\name{tpsPower}
\Rdversion{1.1}
\alias{tpsPower}
\title{
	Simulation-based estimation of power for the two-phase study design
}
\description{
  Monte Carlo based estimation of statistical power for estimators of the components of a logistic regression model, based on balanced two-phase and case-control study designs (Breslow and Chatterjee, 1999; Prentice and Pykle, 1979).
}
\usage{
tpsPower(B=1000, betaTruth, X, N, strata, nII, alpha=0.05,
         threshold=c(-Inf, Inf), digits=NULL, betaNames=NULL,
         monitor=NULL)
}
\arguments{
  \item{B}{
   The number of datasets generated by the simulation.
}
	\item{betaTruth}{
    Regression coefficients from the logistic regression model.
}
  \item{X}{
    Design matrix for the logistic regression model. The first column should correspond to intercept. For each exposure, the baseline group should be coded as 0, the first level as 1, and so on.
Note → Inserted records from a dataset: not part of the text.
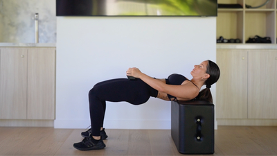 A compound lower body exercise that targets the glutes by driving the hips upward from a seated position with the upper back supported on a bench.
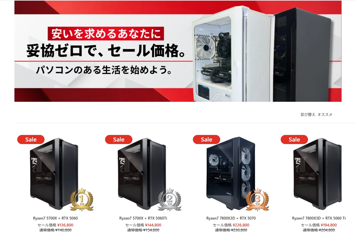 MDL.makeのゲーミングPCは、通常価格でもコストパフォーマンスに優れていますが、さらにお得に購入するならセールを狙うのがおすすめです。
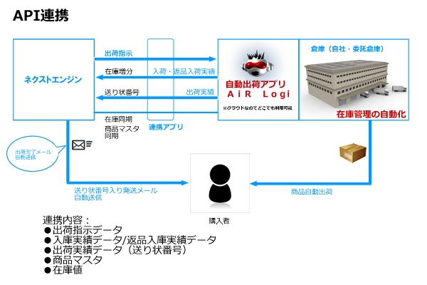 物流倉庫自動出荷・在庫管理アプリ「AiR Logi」とネクストエンジンを完全連携するアプリです。
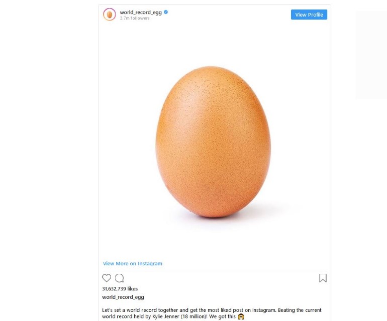Κάπως έτσι, η συγκεκριμένη είδηση έχει να κάνει με ένα αυγό. Ένα αυγό που για κάποιον ανεξήγητο λόγο έγινε πολύ διάσημο στο Instagram. Για την ακρίβεια, μέσα σε μία εβδομάδα, η παρακάτω φωτογραφία ενός απλού αυγού έφτασε τα 21 εκατ. likes και έγινε η πιο δημοφιλής στο Instagram, αρπάζοντας τον τίτλο από τη φωτογραφία της Kylie Jenner με το μωρό της, η οποία βρίσκεται πλέον στη 2η θέση.
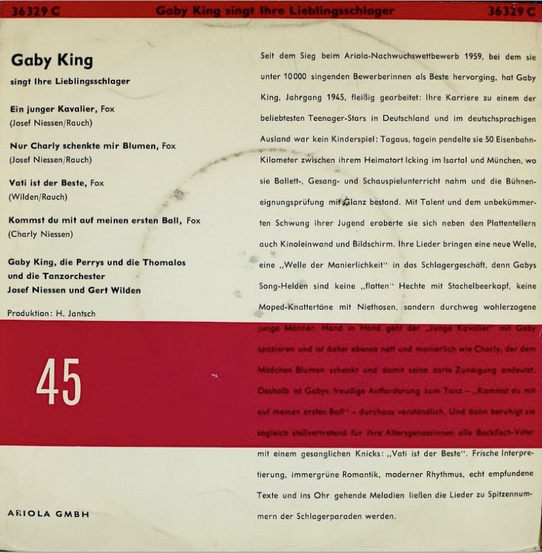 Ariola 36329 C (EP aus 1960) Anhänge an diesem Beitrag Dateiname: Agabi1a.jpg Dateigröße: 141.9 KB Titel: Heruntergeladen: 54 Dateiname: Agabi1d.jpg Dateigröße: 199.08 KB Titel: Heruntergeladen: 50
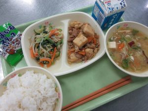 献立は、ごはん 肉豆腐 小松菜とツナの和え物 ごまみそ汁 おさつスティック 牛乳でした。
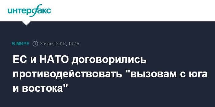 Москва. 8 июля. INTERFAX.RU - ЕС и НАТО на полях саммита альянса в Варшаве подписали декларацию об активизации сотрудничества по обеспечению безопасности в Европе и совместном противодействии вызовам, "исходящим с юга и востока".
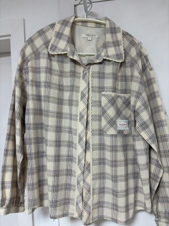 레이스 믹스 체크 블라우스
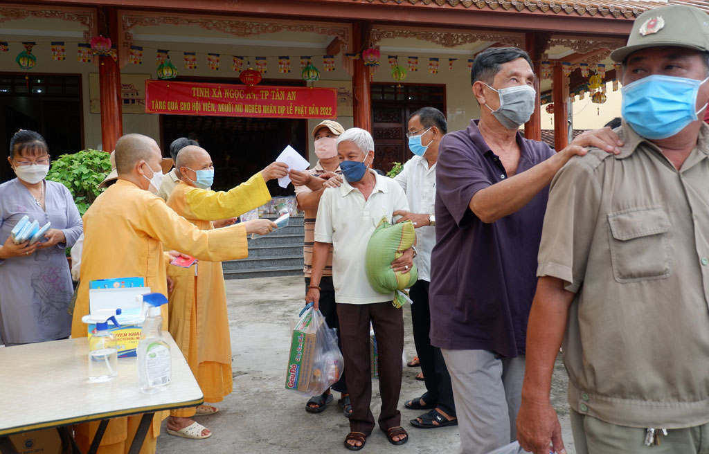 Sư cô, phật tử tịnh xá Ngọc An (phường 2, TP.Tân An) tặng quà cho người khiếm thị
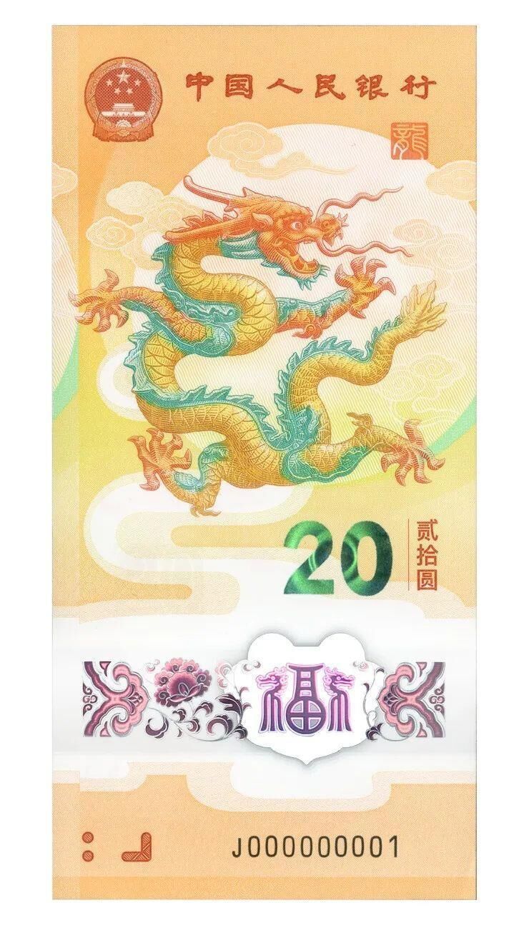 纪念钞正面主景为龙的造型图案,上方为中华人民共和国国徽、“中国人民银行”、篆书“龙”字印章,下方依次为光彩光变面额数字“20”与汉字“贰拾圆”、动感全息图案、透明视窗、盲文面额标记和冠字号码。
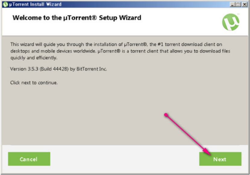 첫번째, 두번째 단계에서는 토렌트에 관한 간단히 내용을 읽어보시고 오른쪽 하단에 Next 버튼을 클릭하시면 토렌트설치가 진행 됩니다.
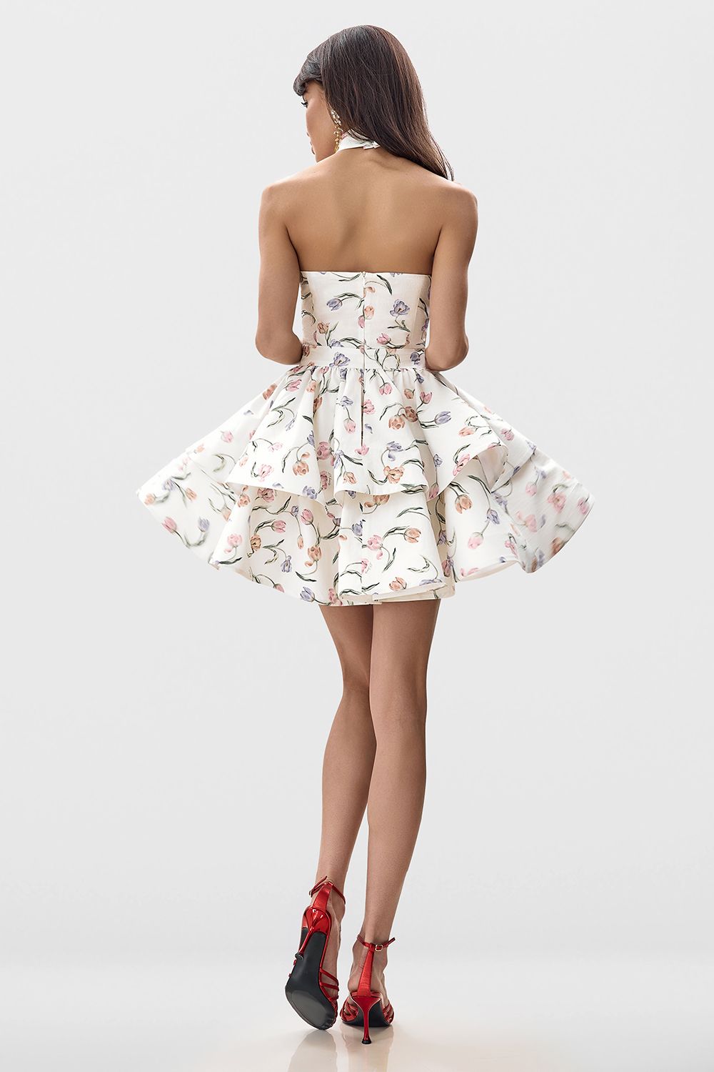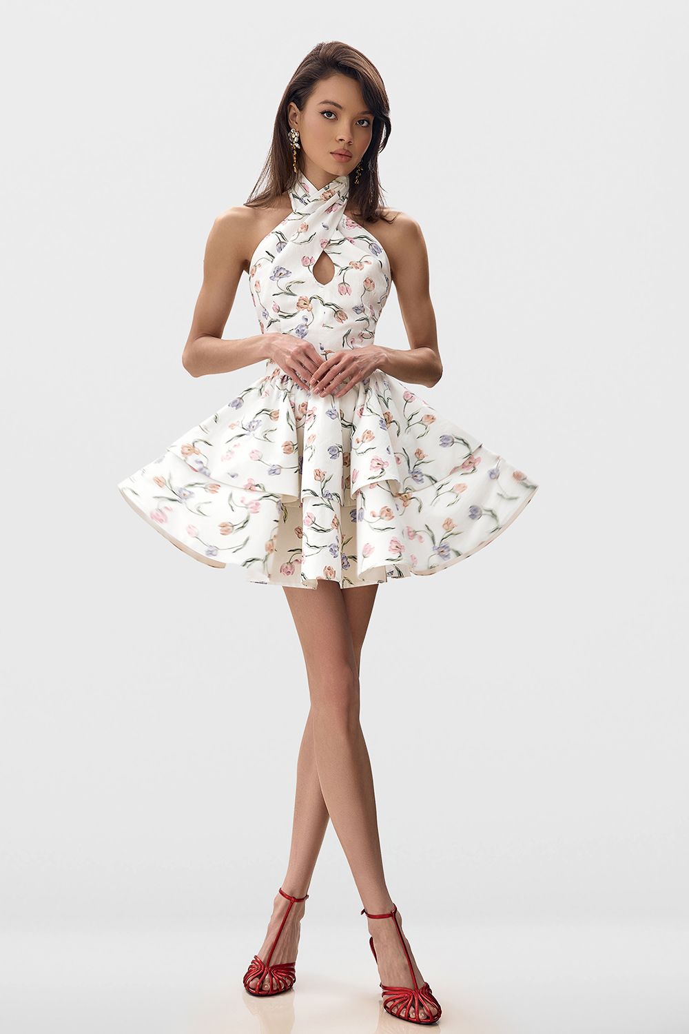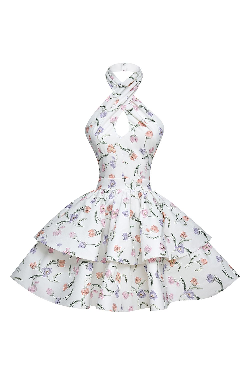 Легкое платье с эксклюзивным, цветочным принтом. Платье имеет свободный, летящий крой, благодаря двуслойной юбке, которая создает эффект многослойности и придает образу воздушности. Верхняя часть украшена изящным вырезом на горловине и завязкой на шее, обеспечивая элегантный и женственный образ. Длина по спинке: 54 см. (размер: S). Состав: 100% хлопок, Подкладка 100% хлопок

The number of levels cannot exceed 100.
}
  \item{N}{
    A numeric vector providing the sample size for each row of the design matrix, \code{X}.
}
  \item{strata}{
    A numeric vector indicating which columns of the design matrix, \code{X}, are used to form the phase I stratification variable. \code{strata=1} specifies the intercept and is, therefore, equivalent to a case-control study. \code{strata=0} indicates all possible stratified two-phase sampling schemes.
}
  \item{nII}{
    A numeric value indicating the phase II sample size. If a vector is provided, separate simulations are run for each element.
}
  \item{alpha}{
    Type I error rate assumed for the evaluation of coverage probabilities and power.
}
  \item{threshold}{
		An interval that specifies truncation of the Monte Carlo sampling distribution of each estimator.
}
  \item{digits}{
    Integer indicating the precision to be used for the output.
}
  \item{betaNames}{
    An optional character vector of names for the regression coefficients, 
    \code{betaTruth}.
}
\item{monitor}{
	Numeric value indicating how often \code{tpsPower()} reports real-time progress on the simulation, as the \code{B} datasets are generated and evaluated. The default of \code{NULL} indicates no output.
}
}
\details{
A simulation study is performed to estimate power for various estimators
of \code{beta}:
\itemize{
  \item{}{(a) complete data maximum likelihood (CD)}
  \item{}{(b) case-control maximum likelihood (CC)}
  \item{}{(c) two-phase weighted likelihood (WL)}
  \item{}{(d) two-phase pseudo- or profile likelihood (PL)}
  \item{}{(e) two-phase maximum likelihood (ML)}
}
	The overall simulation approach is the same as that described in \code{\link{tpsSim}}.
	
  In each case, power is estimated as the proportion of simulated datasets for which a hypothesis test of no effect is rejected.
	
	Only balanced designs are considered by \code{tpsPower()}. For unbalanced designs, power estimates can be obtained from \code{\link{tpsSim}}.
}
\value{
  \code{tpsPower()} returns an object of class "tpsPower", a list containing all the input arguments, as well as the following components:
    \item{power}{
    	Power against the null hypothesis that the regression coefficient is zero for a Wald-based test with an \code{alpha} type I error rate.
    }
    \item{na}{
    	A matrix consisting of the number of datasets excluded from the power calculations (i.e. set to \code{NA}), for each simulation performed. The three reasons are: (1) lack of convergence indicated by \code{NA} point estimates returned by \code{\link{glm}} or \code{\link{tps}}, (2) lack of convergence indicated by \code{NA} standard error point estimates returned by \code{\link{glm}} or \code{\link{tps}}, (3) exclusion on the basis of the \code{threshold} argument.
    }
}
\note{
	A generic print method provides formatted output of the results.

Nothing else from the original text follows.